Scientific classification
- Kingdom: Plantae
- Clade: Tracheophytes
- Clade: Angiosperms
- Clade: Eudicots
- Clade: Asterids
- Order: Lamiales
- Family: Lamiaceae
- Genus: Pityrodia
- Species: P. pungens
- Binomial name: Pityrodia pungens Munir

= Pityrodia pungens =

- Genus: Pityrodia
- Species: pungens
- Authority: Munir

Species of flowering plant

Pityrodia pungens is a flowering plant in the mint family Lamiaceae and is endemic to the northern part of the Northern Territory. It is an erect, spreading shrub with narrow, prickly leaves and off-white, bell-like flowers with dark purple streaks.

==Description==
Pityrodia pungens is a straggling shrub which grows to a height of 40-75 cm and has branches sometimes covered with star-like hairs. The leaves are linear to narrow lance-shaped, usually 10-40 mm long, 2-4 mm wide with a sharp point on the end. The flowers are arranged singly in upper leaf axils and are shorter than the leaves. There are leaf-like bracts and lance-shaped bracteoles 4-9 mm long at the base of the flowers. The sepals are joined for less than half their length to form a bell-shaped tube with five lance-shaped, hairy lobes 4-6.5 mm long. The five petals are off-white, 10-13 mm long and joined to form a bell-like tube with five lobes on the end. The two upper lobes have dark purple streaks and are 2-3 mm long and smaller than the lower lobes. The upper lobes are shorter than or about equal to the length of the sepals. The lower middle lobe is larger than the others. The petals are glabrous except for soft hairs on the outside of the petal lobes and a dense hairy ring below the stamens. The four stamens extend slightly beyond the end of the tube, the lower pair slightly longer than the other one. Flowering occurs mainly from January to June and is followed by an oval-shaped, hairy fruit about 3 mm long and 2 mm wide.

==Taxonomy and naming==
Pityrodia pungens was first formally described in 1979 by Ahmad Abid Munir from a specimen collected in the Nitmiluk National Park.

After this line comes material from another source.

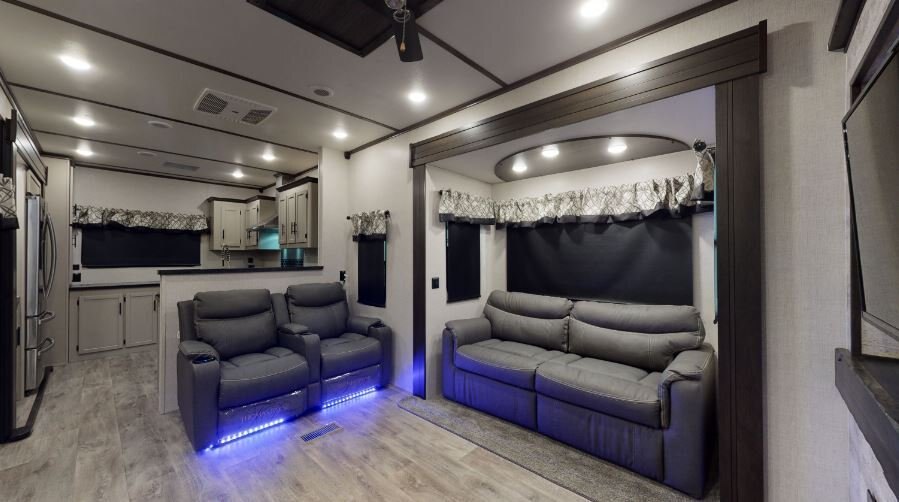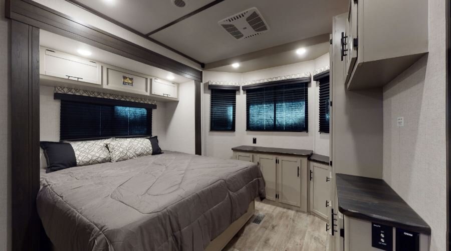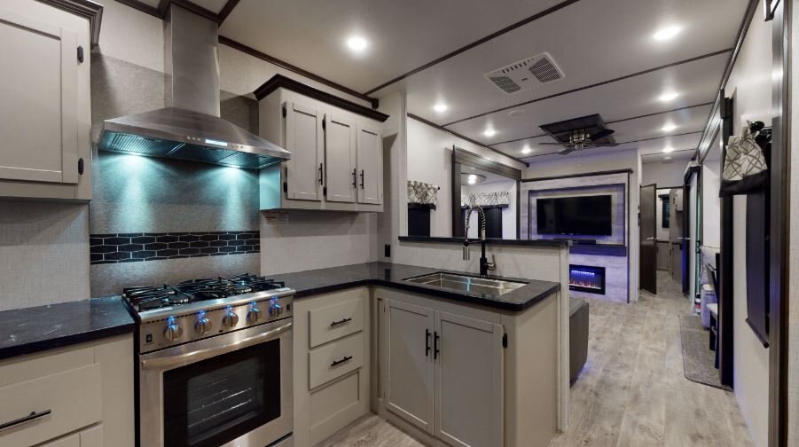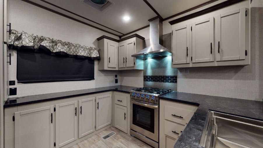 Looking for an extended stay trailer, but don't want to sacrifice your creature comforts?  Look no further than the Hampton by Crossroads. Hampton has been designed and engineered to feel like home.  Rich stainless steel residential style appliances, 8- foot ceilings, hardwood raised panel cabinetry, and abundant storage await you in a Hampton.Wherever your adventure takes you the Hampton will allow you to make your home where you want it to be.

The description was published in Journal of the Adelaide Botanic Gardens. The specific epithet (pungens) is a Latin word meaning "sharp", "acrid",
"biting" or "piercing".

==Distribution==
This pityrodia occurs in the northern part of the Northern Territory.

==Conservation==
Pityrodia pungens is classified as "least concern" under the Territory Parks and Wildlife Conservation Act 2000.